PEN-L
mailing list archive
[ Other Periods
| Other mailing lists
| Search
]
Date:
[ Previous
| Next
]
Thread:
[ Previous
| Next
]
Index:
[ Author
| Date
| Thread
]
Re: phones and human welfare
The point I think Ulhas is driving at is the really interesting thing in
those HDI statistics; Cuba has managed to achieve first world life
expectancy and literacy on a GDP of just over $5k per head. I think that
the next lowet on the list is close to $8k. That's the really interesting
thing to me, and probably the one that would appeal to socialists of the
spartan back-to-nature tendency; it is apparently possible to live about as
many quality-adjusted life years as an average British person without having
the whole ghastly apparatus.
dd
-----Original Message-----
From: PEN-L list [mailto:PEN-L@xxxxxxxxxxxxxxxx]On Behalf Of Devine,
James
Sent: 23 July 2004 00:45
To: PEN-L@xxxxxxxxxxxxxxxx
Subject: phones and human welfare
[was: RE: [PEN-L] Cuba: siempre con combate]

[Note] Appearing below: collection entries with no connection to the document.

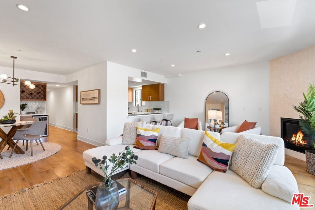 Newer construction contemporary, light & bright single-level condo in coveted Brentwood location. Enter to wide plank oak wood flooring and continue to great room featuring open kitchen, dining area, and spacious private balcony. The gourmet kitchen features white quartz countertops, custom cabinetry, stainless-steel appliances, and breakfast bar. Enjoy a separate wine fridge in living area with additional built-ins. Freshly painted with new, designer light fixtures in dining area and all bedrooms. The primary suite includes balcony access, walk-in closet, dual vanity and separate tub & shower. Two additional bedrooms and bathrooms located on the opposite side of the home. Laundry in-unit and two parking spaces in gated garage. Located in a 9-unit building with gym, rooftop sun deck, and guest parking. Enjoy the Brentwood lifestyle with numerous upscale and casual dining restaurants, shops, fitness studios, markets, and the beach in close proximity.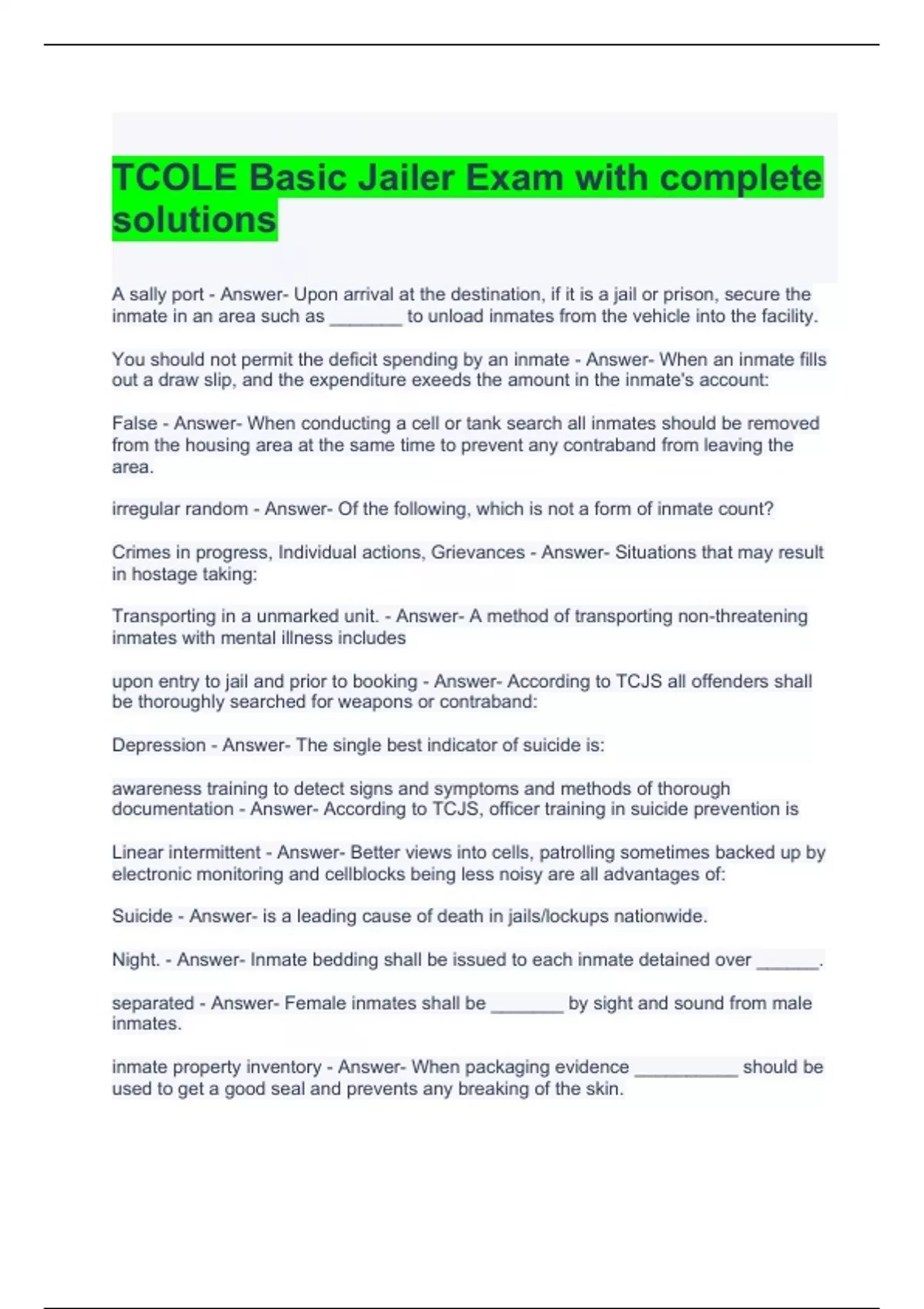 TCOLE Basic Jailer Exam with complete solutions/ Graded A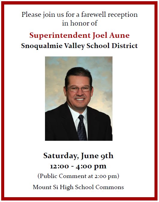 As the Snoqualmie Valley School District prepares to say farewell to Superintendent Joel Aune after 13 years of service, they’ve planned a celebration in his honor and everyone is invited to the special event.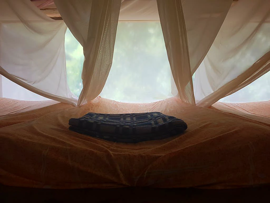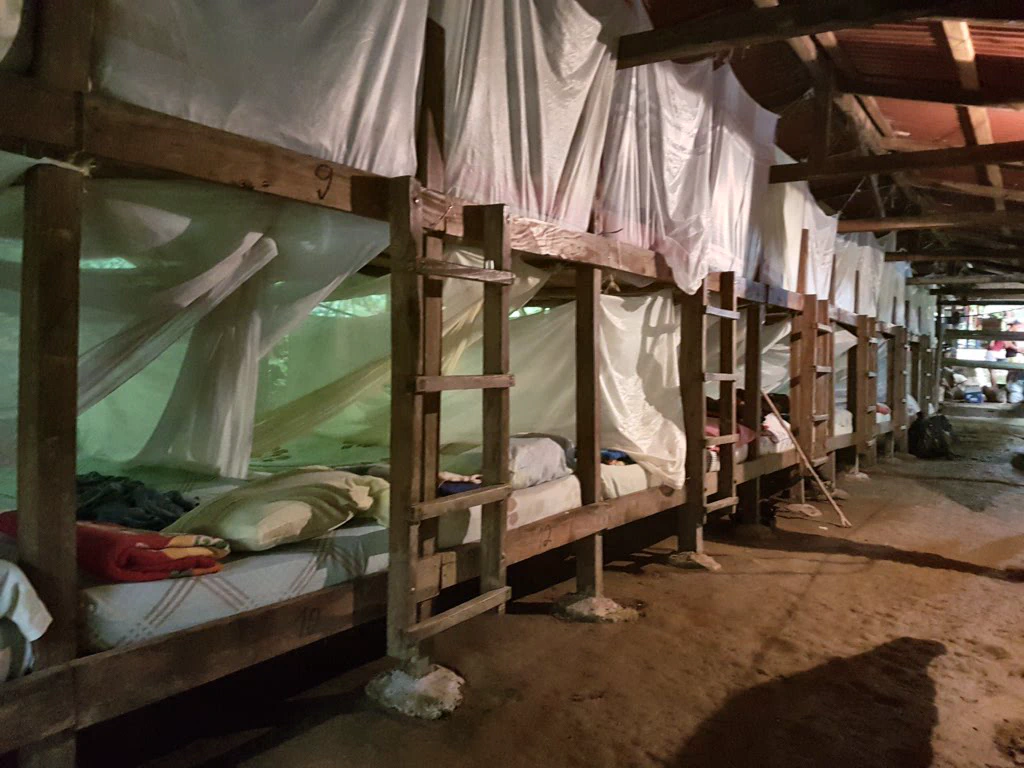 Im Camp stehen 20 doppelstöckige Betten aneinander gereiht, jedes mit einem Moskitonetz und einer sehr durchgelegenen Matratze ausgestattet. Von diesen Bettenreihen gibt es (je in einer separaten Hütte) drei Stück, so dass jede Gruppe zumindest in diesem ersten Camp etwas Privatsphäre hat.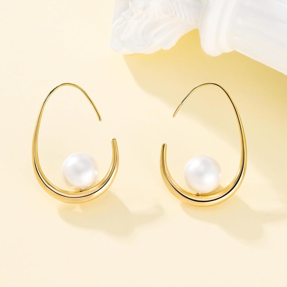Pearl Hoop Earrings:The Pearl and Gold Earrings are Designed as an Open Teardrop Hoop, with the Bottom Bent to Become Thicker and Wider, and the Top Thin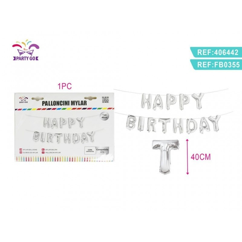 Baloane din folie PartyGo Happy Birthday, 40cm, argintiu, FB0355, set 13 buc

Ulhas writes: > 75% Singaporeans, 50% Malaysians & 33% of Thais
have cell phones. How many cell phones Cuba has?<
it seems to me that cell phones are at best a mixed blessing. (I have one,
but I hate it: it rings when I'm driving, so I either have to pull over to
talk or drive in a risky way. This morning it interrupted a good song by
Townes Van Zandt.) They are only really necessary if the land-line system
is broken for some reason. If you see phones as part of some sort of human
development index, it would be as "cell phones _plus_ access to land-lines"
or something like that.
In any event, there's no way one could reduce human welfare to either cell
phones or all phones.
jim devine
[ Other Periods
| Other mailing lists
| Search
]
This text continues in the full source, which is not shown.